58 delegates to the Democratic National Convention
| Candidate | Al Gore | Uncommitted (voting option) |
| Home state | Tennessee | n/a |
| Delegate count | 51 | 7 |
| Percentage | 100.0% |  |
- 2000 Puerto Rico Republican presidential primary

14 delegates to the Republican National Convention
| Candidate | George W. Bush | John McCain |
| Home state | Texas | Arizona |
| Delegate count | 14 |  |
| Popular vote | 87,375 | 4,903 |
| Percentage | 92.6% | 5.9% |

= 2000 Puerto Rico presidential nominating contests =

Although Puerto Rico does not participate in U.S. presidential general elections because it is an unincorporated territory and not a state, and therefore cannot send members to the U.S. Electoral College, Puerto Ricans are citizens of the United States and participate in the U.S. presidential primaries and caucuses.

== Democratic caucuses ==

The 2000 Puerto Rico Democratic presidential caucuses were held on April 2, 2000, as part of the Democratic Party primaries for the 2000 presidential election. 58 delegates to the Democratic National Convention were allocated to presidential candidates.
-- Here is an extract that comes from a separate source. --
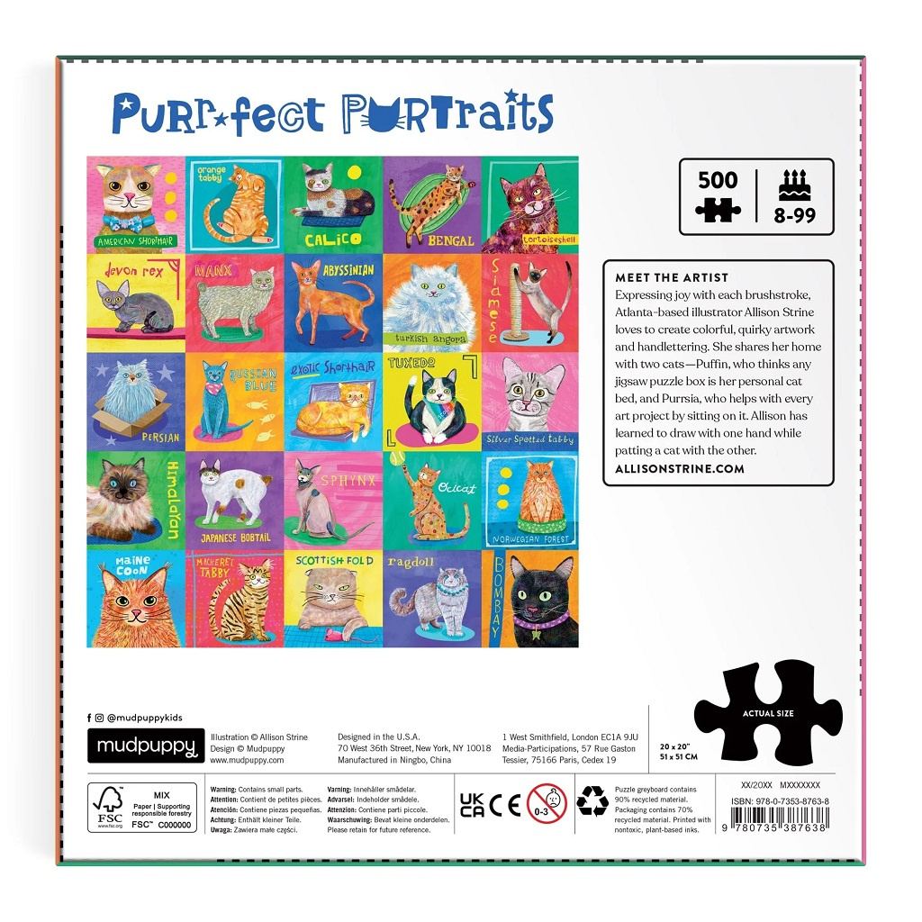 Puzzle s kočičími portréty od značky Mudpuppy obsahují 500 dílků a představují pestrou směs různých kočičích plemen s jejich oficiálními názvy. Puzzle má ideální obtížnost, aby si ho mohla užít celá rodina. V balení najdete plakát s celým obrázkem pro snadnější skládání. Perfektní dárek pro každého malého milovníka koček! Puzzle je vyrobeno z pevného kartonu, má krásně syté barvy, které zaujmou dětské oči, a podporuje hraní bez obrazovek. Pomáhá rozvíjet logické myšlení, prostorovou představivost i koordinaci ruka-oko.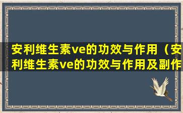 安利(Amway)是一家全球性的直销公司,其产品线包括维生素和矿物质补充剂。维生素E(通常简称为VE)是一种脂溶性维生素,对人体健康有多种益处。以下是维生素E的一些主要功效与作用,以及可能的副作用:

Although Puerto Rico would not participate in the 2000 presidential general election because it is a U.S. territory and not a state, it equally participated in the U.S. presidential caucuses and primaries.

=== Candidates ===
The following candidates achieved on the ballot:

- Al Gore
- Uncommitted (voting option)
- Bill Bradley

=== Results ===

Puerto Rico Democratic caucus, April 2, 2000
| Candidate | Votes | Percentage | Actual delegate count |  |  |
| Bound | Unbound | Total |
| AI Gore |  |  | 51 |  | 51 |
| Uncommitted (voting option) |  |  | 7 |  | 7 |
| Bill Bradley |  |  |  |  |  |
| Total: |  |  | 58 |  | 58 |
Source:

== Republican primary ==

The 2000 Puerto Rico Republican presidential primary was held on February 27, 2000, as part of the Republican Party primaries for the 2000 presidential election. 14 delegates to the Republican National Convention were allocated to presidential candidates.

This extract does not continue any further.